Here, it’s 100% right, and is something that should be addressed to reduce the chances that we’ll do something going forward that will fail to live update. So the audit pulled up much I knew about, and some I didn’t. Then it just remains to /feature the problems away.

About Those ADR Audits…

With some of the ADR audits, there are parts of it that are easy for Claude to get wrong, and it lurked in the back of my mind that I’d have to remember to do these audits every once in a while. While Claude has been great at referencing them when it’s appropriate, but something more sure would make me feel more comfortable. Because if there’s an oops, I have to hope it’s not been too long after the oops that I detect it, as the longer it remains, the more difficult I’ve found it to be to fix it.

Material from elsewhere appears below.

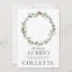 Um cartão com fotos moderno e elegante de nascimento de bebês com flores brancas e verdes de algodão em volta da foto do bebê. Basta substituir as fotos existentes na parte frontal e traseira por sua própria foto em face próxima e adicionar uma foto na parte traseira do cartão.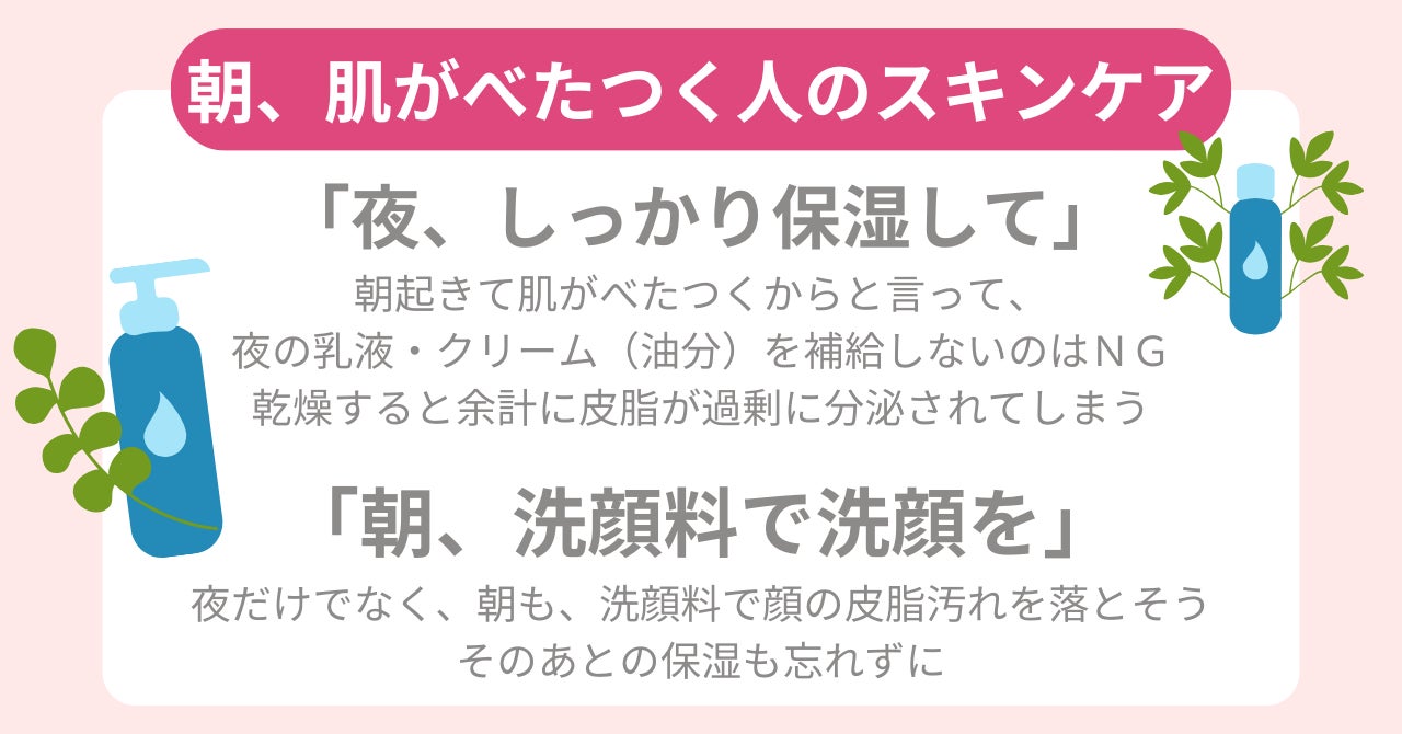 寝起きの肌のべたつきが気になる人に、スキンケアのポイントを紹介します。

Somehow I got the idea “I wonder if these ADR checks can be automated so they run at lint time, but without having Claude do it.” Turns out, a lot of them can, and more than you’d think. While some of them turned out to be simple grep checks, one of them I wound up having claude build a tool using the Swift AST library to do the check. Lints I would never have written as a human coder, I can now have Claude do.

Summary

NoteCove development continues apace, now at 431k lines of code total (up 101k lines from 330k since the end of January) while keeping the percentage that is test LoC level at 44% (so 238k lines main, 193k lines of test). With more guardrails in place, I can maintain development velocity and have more trust that the guardrails will hold. Assuming current pace holds, I’ll have the first public beta for desktop by the end of the month (I’d guess about mid month), and maybe iOS with iCloud by the end of the month. I’ll be accepting requests for invites for it very soon now – website also coming soon!